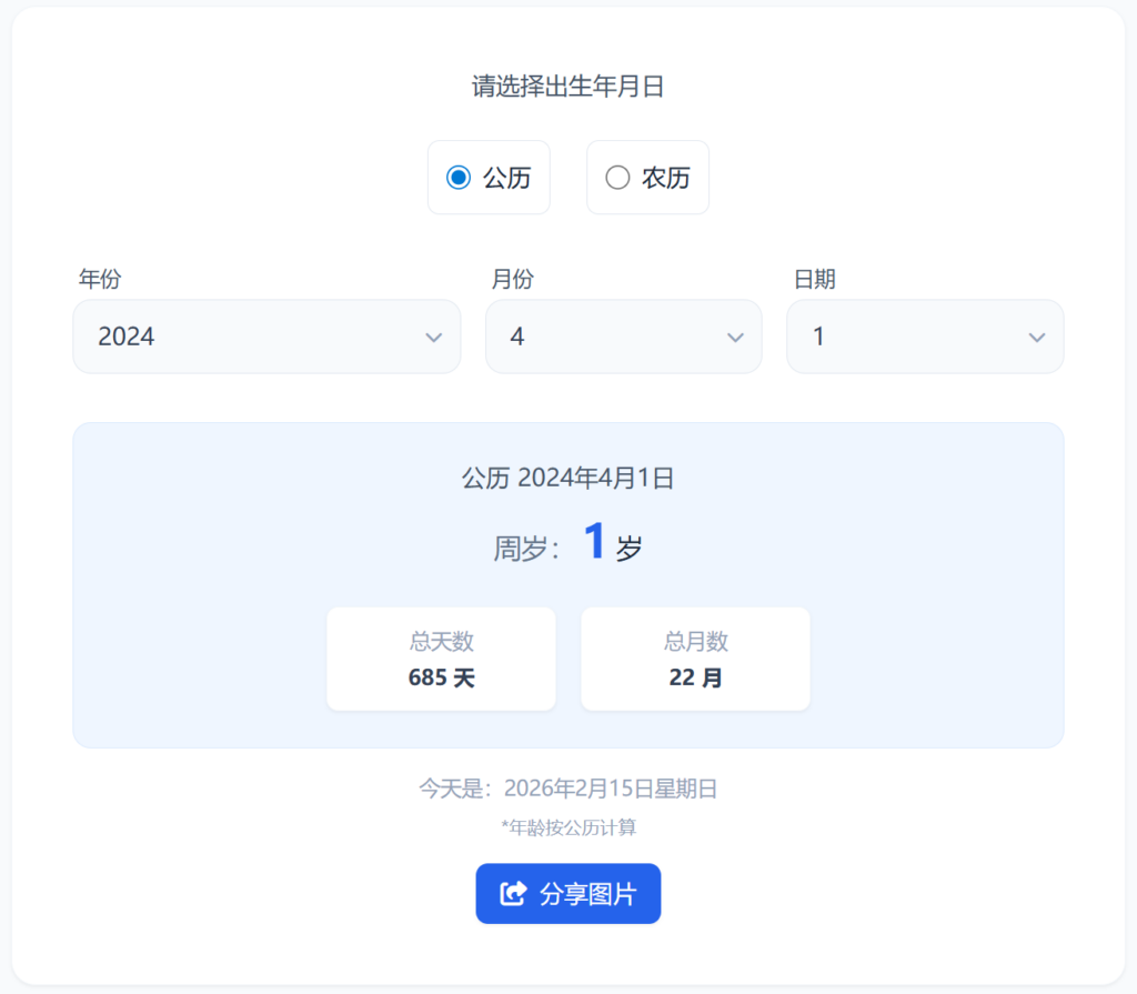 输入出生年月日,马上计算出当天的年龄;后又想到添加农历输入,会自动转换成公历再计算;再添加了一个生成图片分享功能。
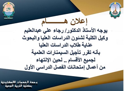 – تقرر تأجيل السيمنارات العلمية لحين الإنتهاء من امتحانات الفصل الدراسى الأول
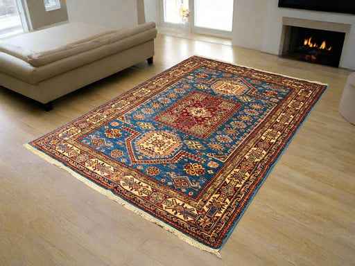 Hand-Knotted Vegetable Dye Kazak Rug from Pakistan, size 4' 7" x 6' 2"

...

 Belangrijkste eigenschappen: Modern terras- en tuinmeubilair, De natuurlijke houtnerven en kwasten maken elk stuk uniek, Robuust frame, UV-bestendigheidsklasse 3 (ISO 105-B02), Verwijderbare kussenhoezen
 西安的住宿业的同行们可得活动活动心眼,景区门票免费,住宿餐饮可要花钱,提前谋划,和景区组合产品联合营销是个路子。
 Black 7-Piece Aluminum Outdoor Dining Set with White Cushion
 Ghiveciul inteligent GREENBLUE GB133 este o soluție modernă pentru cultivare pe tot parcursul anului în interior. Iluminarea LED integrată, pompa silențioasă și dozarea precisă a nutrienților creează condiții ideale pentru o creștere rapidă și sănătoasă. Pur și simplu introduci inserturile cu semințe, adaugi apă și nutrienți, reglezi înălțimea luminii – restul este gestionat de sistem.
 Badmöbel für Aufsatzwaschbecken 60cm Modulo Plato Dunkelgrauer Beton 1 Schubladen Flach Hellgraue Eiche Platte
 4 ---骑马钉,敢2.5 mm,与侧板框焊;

◆ What is expected: Could you set down, exactly as written, the lines above between the one holding "Black 7-Piece Aluminum" and the one holding "4 ---骑马钉,敢2.5 mm,与侧板框焊;", inclusive, and nothing more?

◆ Task result:
 Black 7-Piece Aluminum Outdoor Dining Set with White Cushion
 Ghiveciul inteligent GREENBLUE GB133 este o soluție modernă pentru cultivare pe tot parcursul anului în interior. Iluminarea LED integrată, pompa silențioasă și dozarea precisă a nutrienților creează condiții ideale pentru o creștere rapidă și sănătoasă. Pur și simplu introduci inserturile cu semințe, adaugi apă și nutrienți, reglezi înălțimea luminii – restul este gestionat de sistem.
 Badmöbel für Aufsatzwaschbecken 60cm Modulo Plato Dunkelgrauer Beton 1 Schubladen Flach Hellgraue Eiche Platte
 4 ---骑马钉,敢2.5 mm,与侧板框焊;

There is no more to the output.